International Woodworkers of America, Afl-Cio, Local 3-10 v. National Labor Relations Board, Long Lake Lumber Company, Intervenor

458 F.2d 852, 148 U.S. App. D.C. 30, 79 L.R.R.M. (BNA) 2259, 1972 U.S. App. LEXIS 11795
CourtCourt of Appeals for the D.C. Circuit
DecidedJanuary 18, 1972
Docket24390
StatusPublished
Cited by2 cases

This text of 458 F.2d 852 (International Woodworkers of America, Afl-Cio, Local 3-10 v. National Labor Relations Board, Long Lake Lumber Company, Intervenor) is published on Counsel Stack Legal Research, covering Court of Appeals for the D.C. Circuit primary law. Counsel Stack provides free access to over 12 million legal documents including statutes, case law, regulations, and constitutions.

Bluebook
International Woodworkers of America, Afl-Cio, Local 3-10 v. National Labor Relations Board, Long Lake Lumber Company, Intervenor, 458 F.2d 852, 148 U.S. App. D.C. 30, 79 L.R.R.M. (BNA) 2259, 1972 U.S. App. LEXIS 11795 (D.C. Cir. 1972).

Opinion

McGOWAN, Circuit Judge:

In this statutory review proceeding under the National Labor Relations Act, 29 U.S.C. § 151 et seq., the petitioning union asks us to overturn a decision by the National Labor Relations Board that the intervenor employer did not violate Section 8(a) (5) of the Act by failing to bargain collectively in good faith. The facts are not in dispute and were mainly stipulated before the Board. The controversy relates to the inferences rationally to be drawn from them in terms of the employer’s purposes.
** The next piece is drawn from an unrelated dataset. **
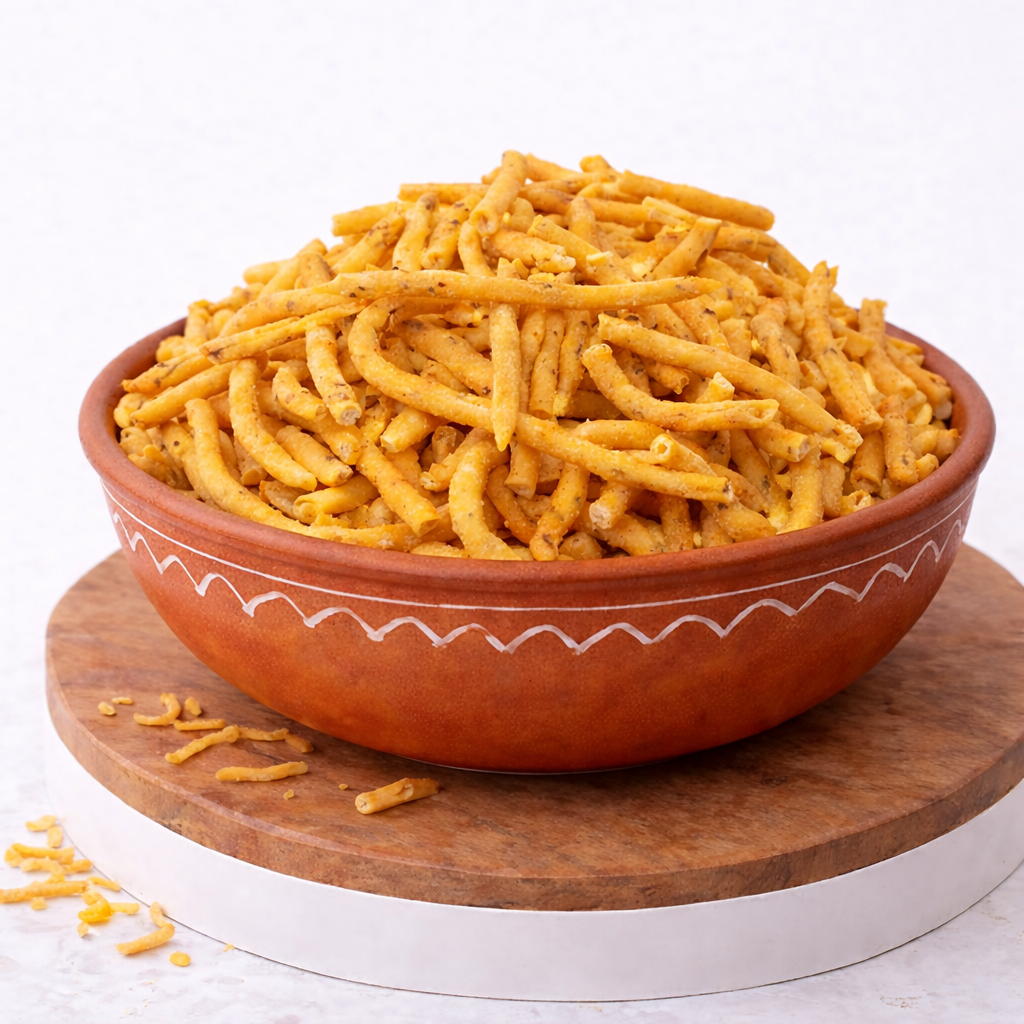 Sattur Sev (or Karasev) is a famous, crunchy, and spicy South Indian snack.

The union asserts those purposes were to resist the reaching of any agreement except one which would unacceptably and illegally have deprived it of its statutory right to prior notice and bargaining about changes materially affecting wages, hours, and working conditions. The employer, contrarily, insists that it sought only to engage in serious negotiations about the scope of a management rights clause proposed by it for inclusion in the agreement.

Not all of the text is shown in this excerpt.